When a couple go to divorce, they need to give thought to the financial claims they are each able to bring. This includes claims for maintenance, claims in respect of pensions and claims to capital.

Within the broad definition of capital would be claims in respect of property, investments, and accounts. It would cover cars and other chattels, land, business assets and shares. Effectively, a claim can be pursued against everything a spouse has an entitlement to both now and in the future, when divorcing in England and Wales.

This includes funds either party might have acquired through claims made in other legal proceedings. Damages for a civil action brought either in their joint or sole names would fall into this category. It would also include personal injury and medical negligence damages.

No matter how wrong in principle this might seem to some, it is quite easy to construct a hypothetical scenario where there is little question as to whether, on an objective basis, the sharing of personal injury damages on divorce would be fair.

There are a great number of variables to every divorce situation and judges are seldom ever asked to consider the same factual matrix twice.

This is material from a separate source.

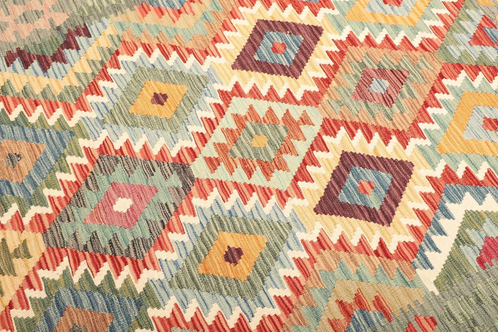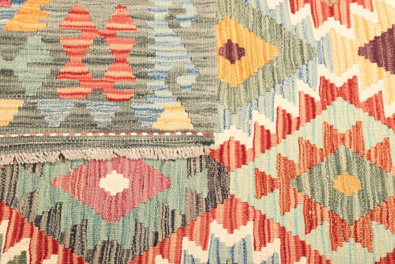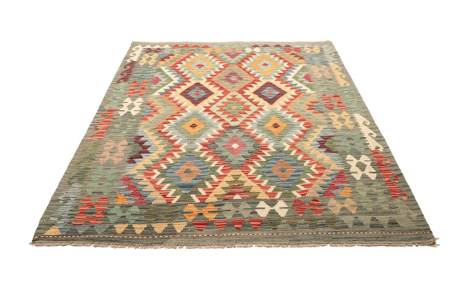 Handgewebter Kelim aus Pakistan | Knotendichte: ca. 200.000 Knoten/m² | Flor: 100% Schurwolle | Kette: 100% Baumwolle | Größe: 160×195 cm | Höhe: ca. 5 mm | Zustand: Handgewebte Qualität | Provenienz: Kelim | Rustikales Flair für moderne Einrichtungen

It’s for this reason that the law in England and Wales provides the Courts with an extremely broad discretion to look at what would be the fairest outcome, having regard to a number of factors set out in section 25 of the Matrimonial Causes Act 1973.

Included within those factors is the question of the needs of the parties and any children of the marriage.

It is through the application of this needs factor that a party who has received a personal injury payment can seek to better “insulate” their award in the event of a claim on divorce.

This is well illustrated by reference to the case of Mansfield v Mansfield [2012] 1 FLR 117, CA, where a husband had received damages of £500,000 before the marriage had even begun. By the time of their divorce, the couple had been together for six years in total and had four year old twins. The wife argued that owing to her role as primary carer for the children, it would be necessary for her to receive a substantial lump sum to meet their needs. The District Judge dealing with the case on the first time of asking agreed that the source and reasons of the damages payment shouldn’t automatically ring-fence it from the wife’s claims. Of the £600,000 that the couple had between them in total, the Court awarded £285,000 to the wife. The husband appealed.

The case reached the Court of Appeal, where the appeal judges looked at the approach that the lower Courts had adopted. Whilst they said the District Judge dealing with the case was right to not exclude or ring fence the personal injury damages, she had gone too far to the other extreme by disregarding its source or the husband’s need for it.

The Court of Appeal did not change the amount that the wife was to receive. In view of the fact that the wife’s case focused on the needs of children the Court instead ordered that one third of that amount should be paid back to the husband when the children reached the age of 18.

This approach of returning amounts to the other spouse at a time in the future is commonly used in cases where there are insufficient funds to rehouse both the husband and wife. We often see the approach used where needs are being met on divorce through payments from a trust. There, the spouse might have no automatic entitlement to money from the trust, but nonetheless, money is offered by the trustees to meet the children’s needs on the basis that they will be returned to the trust when the children reach the age of 18.

When personal injury or medical negligence damages are in issue during a divorce, it is important to take advice from recognised experts who have experience in dealing with such issues.